When Caden has a night terror, I hold him close to my chest, even as he kicks against me and screams that he wants his mommy. His heart gallops and mine follows suit. We both cry, and I walk the dark hall, willing him to find his way out of whatever terror grips him.

My own fear wraps tight around me, and I push against the Savior who holds me close, even as I cry out for Him. I kick and flail and forget that I am already safe. The world I've imagined feels more real than what is true. I want to relax safe in the arms of a Father who loves and holds me close as our hearts beat in tandem. But the moment of relaxing is a mystery, for Caden and for me. There's no rhyme or reason. No trick that works every time to pull from fear to peace, no song or prayer or soothing or simply leaving alone.

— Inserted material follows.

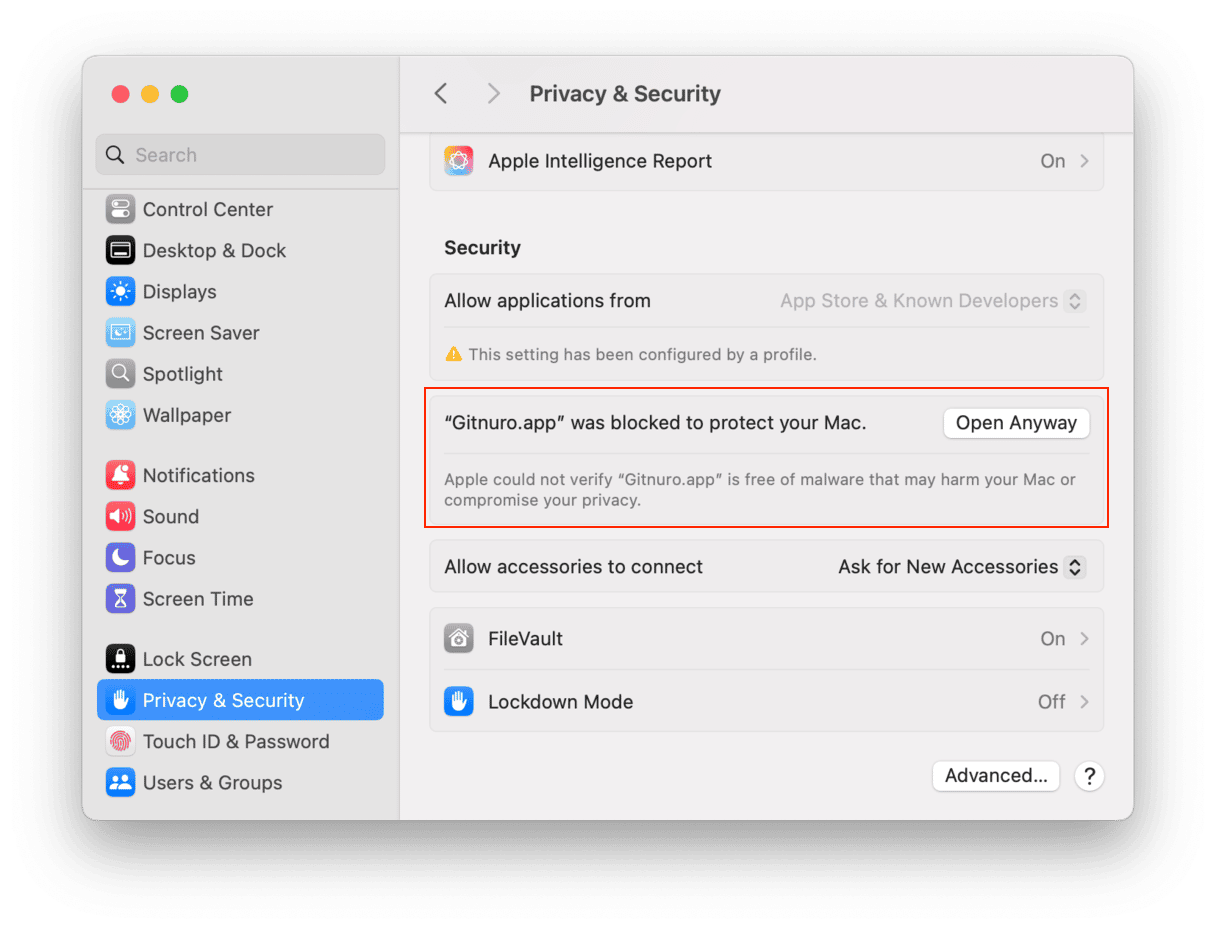 Açmaya çalıştığınız uygulama App Store'dan indirilmediyse ve güvenlik ayarlarınız yalnızca App Store'dan gelen uygulamalara izin verecek şekilde ayarlanmışsa, açılmayacaktır. Kontrol etmek için şu adımları izleyin:

And so I remain in the mystery. I try to work out how to relax into the arms of a Savior and trust His plans for me, and for the ones I love the most. But all the while, I know He holds me and He loves me, and for today and for tomorrow that will be enough. 

Friday, July 3, 2015

For the Smallest Stanley

Dear Little One -

In just five short weeks, we will get to see you for real. Not on an ultrasound, or through feet stuck hard in my side, but in an actual little bundle that cries and eats and has a certain color of eyes and hair. This feels unbelievable, both because I cannot imagine keeping you contained inside of me for five more weeks, and because I cannot fathom how quickly these nine months have passed. You certainly haven’t made things easy on me this pregnancy, buddy. Not that I blame you; after all, you had to do something to get my attention in the busy chaos of life around here. But these months of nausea and contractions and not-sleeping have made me focus more on resting when I need to rest. On taking care of myself and your big brother and sister, even if it means shutting our front door and asking the neighborhood kiddos to come back later.

Speaking of your big brother and sister, I am so excited for you to meet them. Caden will make you laugh, for sure. Our little minion, he loves bananas and jokes, along with every single sport. He’s silly and funny and quite crazy, while still remaining astonishingly shy around everyone besides family. Jayci cannot wait to take care of you, and not just because she adores being in charge of people (she does). Every night she whispers how much she loves you to my belly, and prays that you will grow big and strong and come out soon. Caden also leans in for a kiss, only to exclaim that you kicked him in the head, which I dont doubt.

We settled on a name for you a few weeks ago, and thought to keep it a secret until your arrival; except we told your big brother and sister, forgetting that nothing stays secret with them. And so now people know, and we can start calling you by name: Isaiah Andrew.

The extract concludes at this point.